Как можно осторожнее я повел его домой, уговорив опереться на мою руку. Этот сильный человек был слаб, как дитя. К счастью, на время ему отказала память. Кстати говоря, с тех пор, как Бэгли упал в обморок, голос смолк и наступила тишина.
— У вас в доме эпидемия, полковник, — сказал мне на следующее утро Симеон. — Что все это значит? Теперь ваш дворецкий бредит «голосом». Это, знаете ли, никуда не годится. Сколько я понимаю, и вы заразились тем же.
— Да, доктор, заразился. Я намеревался поговорить с вами. Разумеется, вы отлично лечите Роланда, но у мальчика нет бреда. Он не безумнее нас с вами. Он говорит правду.
— Не безумнее меня или вас? Я никогда не полагал, что он безумен. У него умственное перевозбуждение, лихорадка. Не знаю, чем заболели вы. У вас очень странное выражение глаз.
— Полноте, доктор, невозможно всех нас уложить в постель. Лучше проверьте жалобы и сами вслушайтесь в симптомы.
Доктор пожал плечами, он был само терпение и внимание. Он не поверил ни одному моему слову, это ясно, но ни разу не перебил меня.
— Дорогой друг, — ответил он, — мальчик рассказывал мне то же самое. Это эпидемия. Когда кто-то становится жертвой чего-либо подобного, можно с уверенностью сказать, что появится и второй, и третий такой же.
— И чем вы это объясняете?
— Объяснение — совсем другое дело. Не существует объяснений для причуд, которым подвержен наш мозг. Положим, это обман чувств, игра природы — эха или ветра, какие-то акустические аномалии…
— Пойдемте со мной нынешней ночью, и вы составите собственное мнение, — сказал я.
Мои слова заставили его громко рассмеяться: «Недурная мысль! Но если станет известно, что Джон Симеон охотится за привидениями, моя карьера будет навсегда погублена».
— Вот то-то! — воскликнул я. — Вы напускаетесь на нас, невежд, со своими акустическими аномалиями, но опасаетесь вглядеться сами в то, что за этим стоит на самом деле, из страха, что вас высмеют. Такова наука!

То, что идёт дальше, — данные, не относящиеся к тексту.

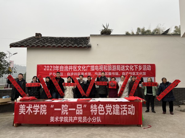 革命先烈卢德铭故居位于仲权镇竹元村。目前仲权镇正在积极申报创建省级百强中心镇,竹元村正在开展全国红色美丽村庄试点建设。此次活动是2022年12月美术学院与自流井区文化广播电视和旅游局签署战略合作协议之后,根据协议内容支持仲权镇及竹元村全面推进乡镇红色文化建设的首次活动。自流井区文化广播电视和旅游局党总支书记陈顺至现场指导,仲权镇党委副书记董登科、竹元村党支部书记吴平等村镇领导精心布置场地,体现对此工作的重视。春节前,美术学院还将继续开展送春联和“福”字等公共文化服务活动,弘扬中华优秀传统文化。

— Дело не в науке, а в здравом смысле, — возразил Симеон. — Это явление предстает перед нами прежде всего как галлюцинация. Взяться исследовать его означает способствовать распространению нездоровых тенденций. Что хорошего может из этого произойти? Даже удостоверившись в том, что все так, как вы говорите, я не поверю в привидения.

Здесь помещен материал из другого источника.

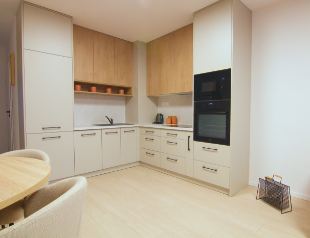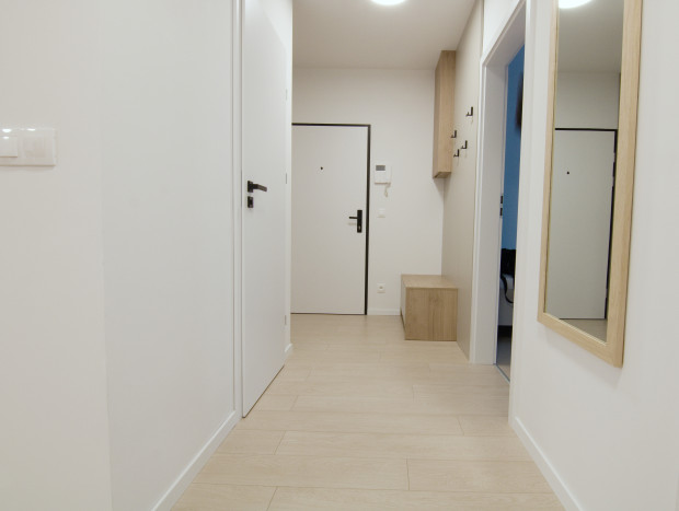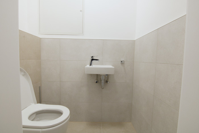 Zo vstupnej chodby, v ktorej sa nachádza šatník a samostatná toaleta sa dostaneme do priestrannej, svetlej kuchyne s obývačkou a kúpeľne a samostatnou toaletou. Kuchyňa je vybavená najnovšími spotrebičmi (elektrická varná doska, elektr. rúra, chladnička s mrazničkou, mikrovlnná rúra, umývačka riadu, digestor) a štýlovým nábytkom, ktorý spája moderný dizajn s praktickými riešeniami. V kúpeľni je vaňa a práčka.

— Мне следовало давеча предупредить вас: я вовсе не стремлюсь, чтобы вы в них поверили, — парировал я. — Если вы докажете, что это галлюцинация, я буду вам чрезвычайно признателен. Пойдемте, кто-то ведь должен со мной пойти.
— Однако вы невозмутимы! Ведь вы уже вывели из строя этого беднягу, вашего дворецкого, который превратился чуть не в сумасшедшего. Ну ладно, в порядке исключения составлю вам компанию. Если вы предоставите мне ночлег, для соблюдения приличий я появлюсь у вас завтра вечером, после объезда пациентов.
Мы уговорились, что я встречу его у ворот, и мы отправимся к месту вчерашних происшествий, не заходя в дом, чтобы никто ни о чем не проведал. Трудно было надеяться, что причина внезапной болезни Бэгли не достигнет ушей слуг, да и не только слуг, и потому лучше было действовать как можно неприметнее. День, казалось, тянулся бесконечно. Мне пришлось довольно много времени провести с Роландом, что было сущей пыткой: чем я мог утешить мальчика? Ему, несомненно, становилось лучше, но состояние его все еще внушало опасения, а страстное волнение, с которым он бросился ко мне как только мать вышла из комнаты, наполнило меня тревогой.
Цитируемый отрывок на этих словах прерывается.